■ WHAT YOU ARE ASKED TO DO ■
Would you write out the listing verbatim and skip every picture in it?

■ EXTRACTED RECORDS ■
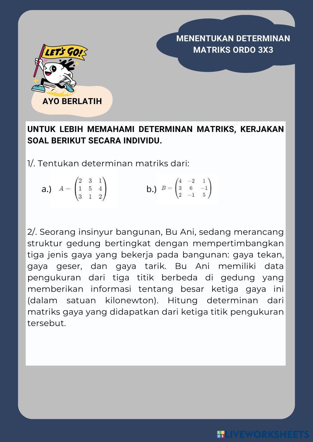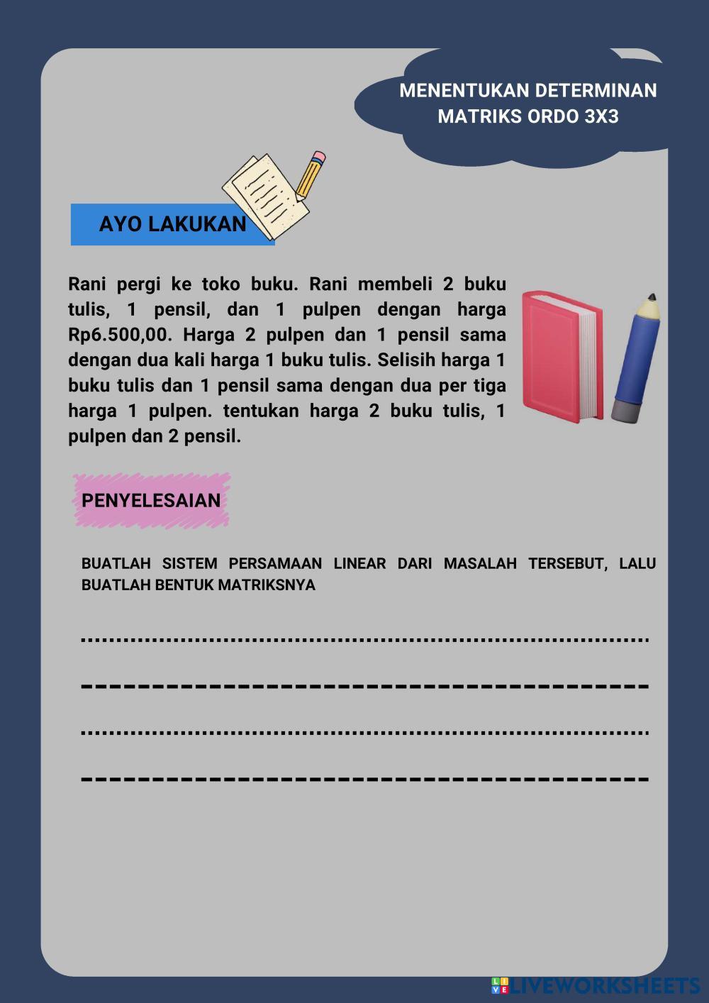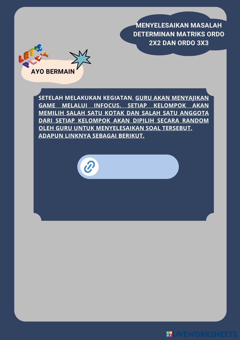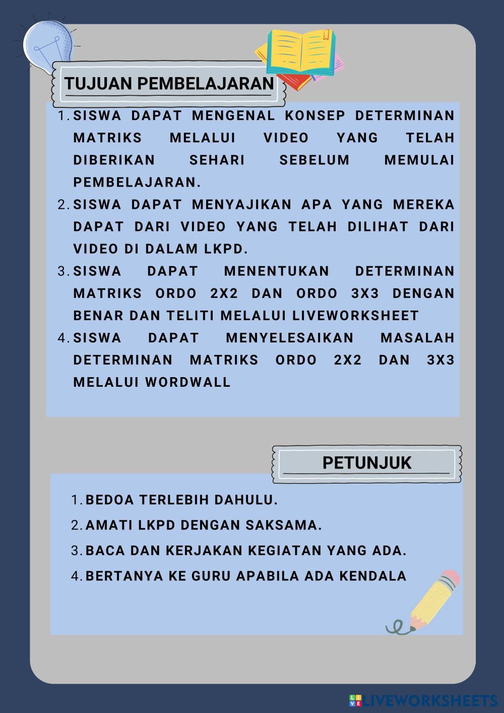 Created bytiara_aya_ Matematika Determinan matriks Age 15+ level: SMA Indonesian คำแนะนำของผู้เขียน My Google Classroom Courses × 0 classes selected (0 students total) Quick Access Select all classes (0 classes) All Classes Loading courses... ยกเลิก Share Share to selected Course __COURSE_NAME__ __STUDENT_NAME__ (__STUDENT_EMAIL__) determinan matriks ดาวน์โหลด Worksheet Validation Check my answers Emails my answers to my teacher ชื่อเต็ม Group/level School subject Teacher's email or key code Close ส่งข้อมูล Validating worksheet... (12) Your answers have been sent to your teacher. Good luck! OK We encountered an error submitting your answers. Please try again. OK โฆษณา | ใช้งานแบบไม่มีโฆษณา Created bytiara_aya_ Matematika Determinan matriks Age 15+ level: SMA Indonesian คำแนะนำของผู้เขียน
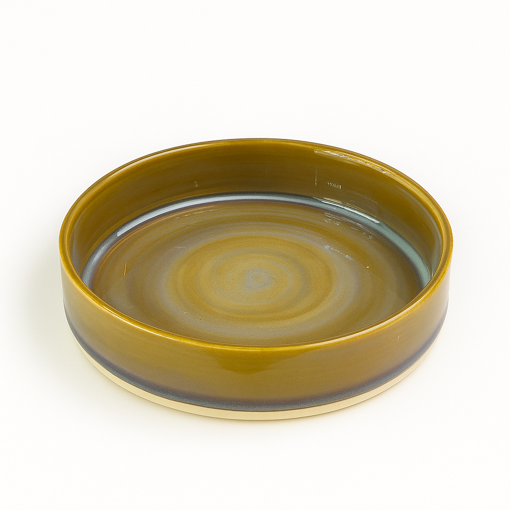 Her tabak özenle elde şekillendirilmiş, pürüzsüz sır yüzeyi ve sade formuyla zamansız bir estetik taşır. Renk geçişleri ve doğal doku farklılıkları sayesinde her parça kendine özgüdür. Günlük kullanımda olduğu kadar şık sofralarda da zarif bir tamamlayıcıdır.
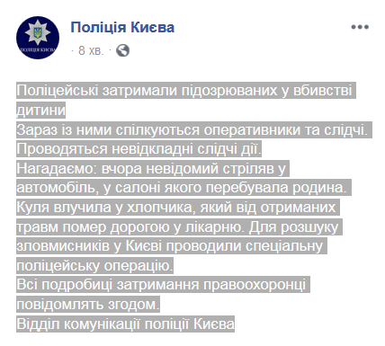 Напомним вчера неизвестный стрелял в автомобиль, в салоне которого находилась семья. Пуля попала в мальчика, который от полученных травм скончался по дороге в больницу. Для розыска злоумышленников в Киеве проводили специальную полицейскую операцию. Все детали задержания правоохранители сообщат позже.
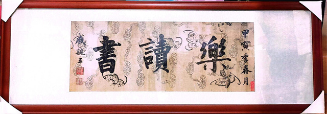 “乐读书”题字仿真品为成哲亲王永瑆所题。爱新觉罗·永瑆,号少厂,清高宗乾隆帝第十一子,清朝著名书法家。“乐读书”用笔俊逸,结体疏朗,风格典雅,有喜好读书,以读书为乐之意。我国自古便有“乐读书、正品行”“四时读书乐”“为善最乐、读书便佳”等论述读书乐趣之言。此幅“乐读书”题字彰显了古人对于读书乐趣和情调的追求,更含有宣扬读书的高雅情趣,勉励人们清风读书的意味。
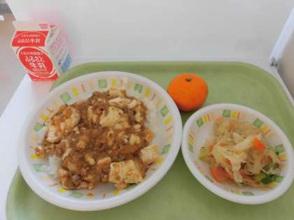 今日の給食は、麻婆豆腐丼、春雨サラダ、みかん、牛乳です。
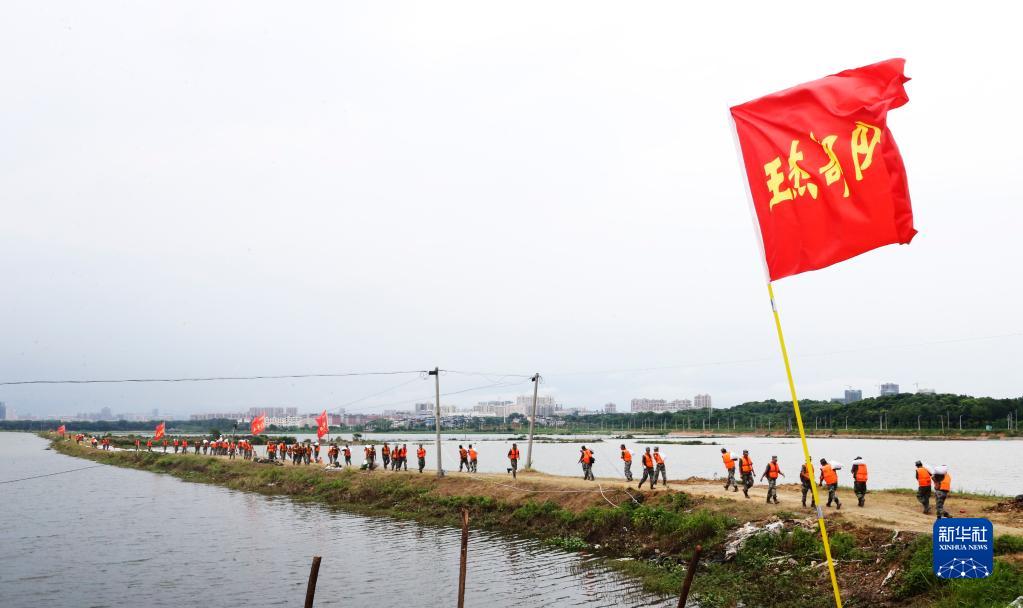 陸軍第71集團軍某合成旅王杰生前所在連官兵跟隨部隊在江西共青城市共青聯圩共大圩段加固防洪堤壩(2020年7月19日攝)。新華社發(李志浩 攝)
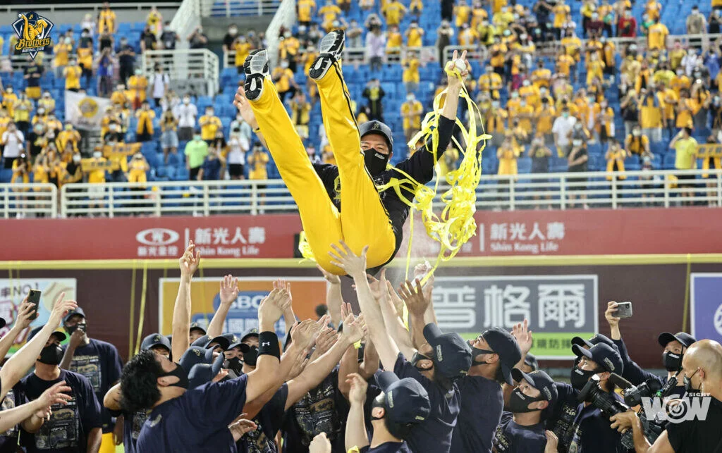 黃澄澄彩帶拋入場內,中信兄弟昨晚在拋彩帶「禁地」桃園球場奪勝,如願擊敗樂天桃猿讓魔術數字歸零,成功在上半季封王,也拿下隊史第17次季冠軍。
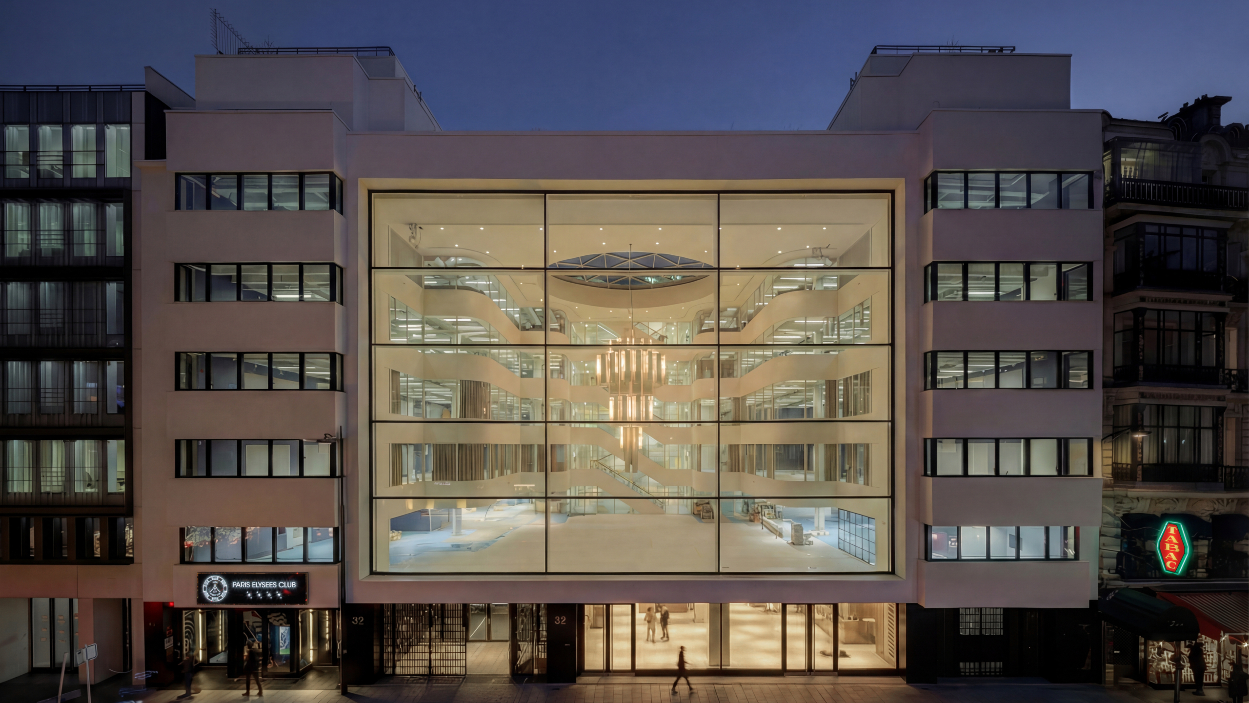 Located within the “golden triangle” of the 8th arrondissement of Paris, the 32–34 Rue Marbeuf complex is positioned at the very heart of the Champs-Élysées district, a neighborhood it shares a common destiny with. In the early twentieth century, this was an area where car manufacturers competed against one another with daring designs in order to entice affluent clients. The building proudly displayed the modernity of showrooms designed by architects such as Auguste Perret and Robert Mallet-Stevens. In 1929, Albert Laprade built a truly remarkable showcase building, and the dealership became an attractive destination with its theatrical glazed façade designed with the assistance of Jean Prouvé.
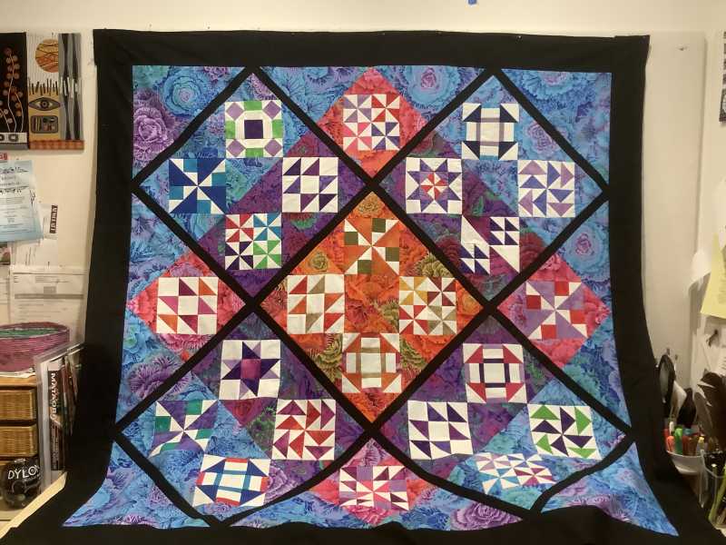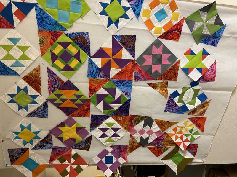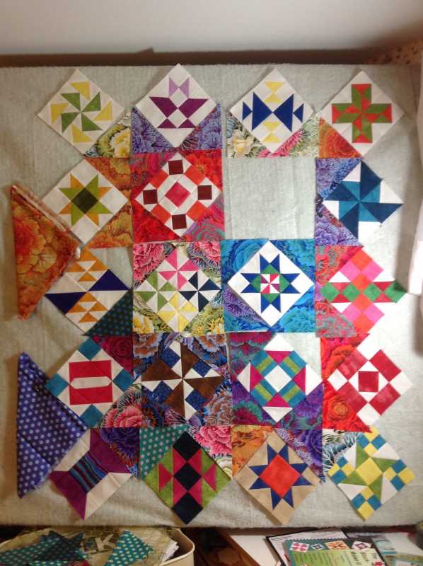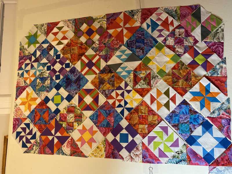 Sorry my design wall isn’t tall enough to take the full quilt so it’s draped across the desk.
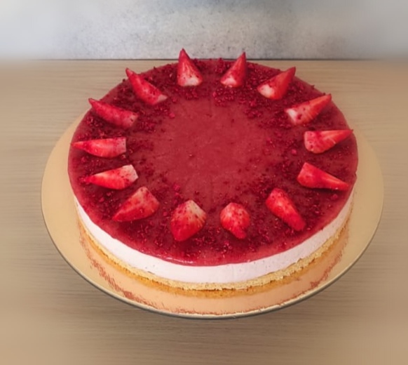 Jemný smetanový cheesecake na máslovém sušenkovém korpusu, doplněný vrstvou jahodového gelu. Dokonale vyvážená chuť - žádná umělá aromata, pouze poctivé suroviny.
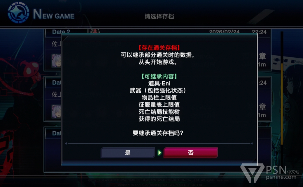 如图是多周目可以继承的内容,多周目游玩时请选择new game,然后选择一个空存档,此时系统就会提示你选择哪个存档继承,再去选要继承的存档就行
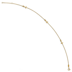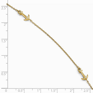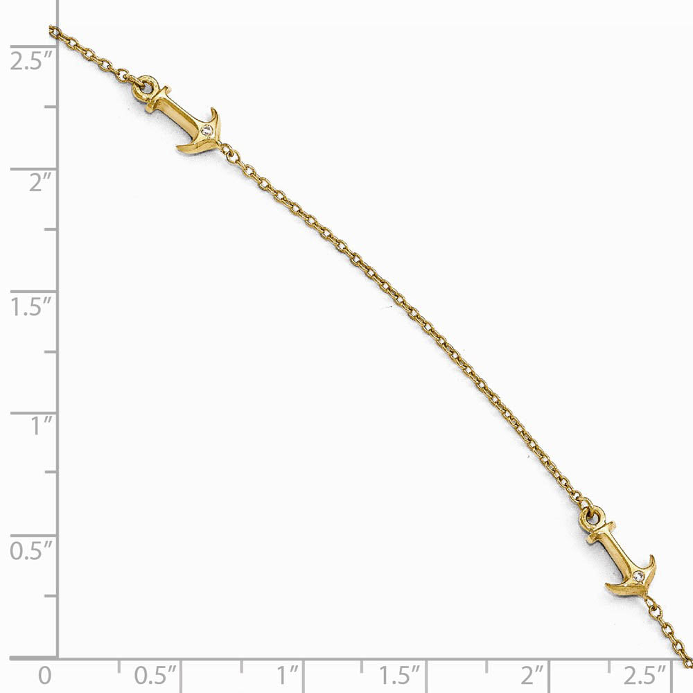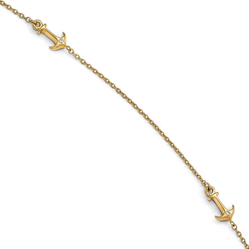 A timeless classic design created from 14k yellow gold and cubic zirconia gemstones featuring three anchor charms stationed on a 1mm cable chain that closes with a spring ring clasp. This polished ankle bracelet is adjustable from 9 or 10 inches in length.

■ OUTPUT FOR THIS TASK ■
 Created bytiara_aya_ Matematika Determinan matriks Age 15+ level: SMA Indonesian คำแนะนำของผู้เขียน My Google Classroom Courses × 0 classes selected (0 students total) Quick Access Select all classes (0 classes) All Classes Loading courses... ยกเลิก Share Share to selected Course __COURSE_NAME__ __STUDENT_NAME__ (__STUDENT_EMAIL__) determinan matriks ดาวน์โหลด Worksheet Validation Check my answers Emails my answers to my teacher ชื่อเต็ม Group/level School subject Teacher's email or key code Close ส่งข้อมูล Validating worksheet... (12) Your answers have been sent to your teacher. Good luck! OK We encountered an error submitting your answers. Please try again. OK โฆษณา | ใช้งานแบบไม่มีโฆษณา Created bytiara_aya_ Matematika Determinan matriks Age 15+ level: SMA Indonesian คำแนะนำของผู้เขียน
 Her tabak özenle elde şekillendirilmiş, pürüzsüz sır yüzeyi ve sade formuyla zamansız bir estetik taşır. Renk geçişleri ve doğal doku farklılıkları sayesinde her parça kendine özgüdür. Günlük kullanımda olduğu kadar şık sofralarda da zarif bir tamamlayıcıdır.
 Напомним вчера неизвестный стрелял в автомобиль, в салоне которого находилась семья. Пуля попала в мальчика, который от полученных травм скончался по дороге в больницу. Для розыска злоумышленников в Киеве проводили специальную полицейскую операцию. Все детали задержания правоохранители сообщат позже.
 “乐读书”题字仿真品为成哲亲王永瑆所题。爱新觉罗·永瑆,号少厂,清高宗乾隆帝第十一子,清朝著名书法家。“乐读书”用笔俊逸,结体疏朗,风格典雅,有喜好读书,以读书为乐之意。我国自古便有“乐读书、正品行”“四时读书乐”“为善最乐、读书便佳”等论述读书乐趣之言。此幅“乐读书”题字彰显了古人对于读书乐趣和情调的追求,更含有宣扬读书的高雅情趣,勉励人们清风读书的意味。
 今日の給食は、麻婆豆腐丼、春雨サラダ、みかん、牛乳です。
 陸軍第71集團軍某合成旅王杰生前所在連官兵跟隨部隊在江西共青城市共青聯圩共大圩段加固防洪堤壩(2020年7月19日攝)。新華社發(李志浩 攝)
 黃澄澄彩帶拋入場內,中信兄弟昨晚在拋彩帶「禁地」桃園球場奪勝,如願擊敗樂天桃猿讓魔術數字歸零,成功在上半季封王,也拿下隊史第17次季冠軍。
 Located within the “golden triangle” of the 8th arrondissement of Paris, the 32–34 Rue Marbeuf complex is positioned at the very heart of the Champs-Élysées district, a neighborhood it shares a common destiny with. In the early twentieth century, this was an area where car manufacturers competed against one another with daring designs in order to entice affluent clients. The building proudly displayed the modernity of showrooms designed by architects such as Auguste Perret and Robert Mallet-Stevens. In 1929, Albert Laprade built a truly remarkable showcase building, and the dealership became an attractive destination with its theatrical glazed façade designed with the assistance of Jean Prouvé.
 Sorry my design wall isn’t tall enough to take the full quilt so it’s draped across the desk.
 Jemný smetanový cheesecake na máslovém sušenkovém korpusu, doplněný vrstvou jahodového gelu. Dokonale vyvážená chuť - žádná umělá aromata, pouze poctivé suroviny.
 如图是多周目可以继承的内容,多周目游玩时请选择new game,然后选择一个空存档,此时系统就会提示你选择哪个存档继承,再去选要继承的存档就行
 A timeless classic design created from 14k yellow gold and cubic zirconia gemstones featuring three anchor charms stationed on a 1mm cable chain that closes with a spring ring clasp. This polished ankle bracelet is adjustable from 9 or 10 inches in length.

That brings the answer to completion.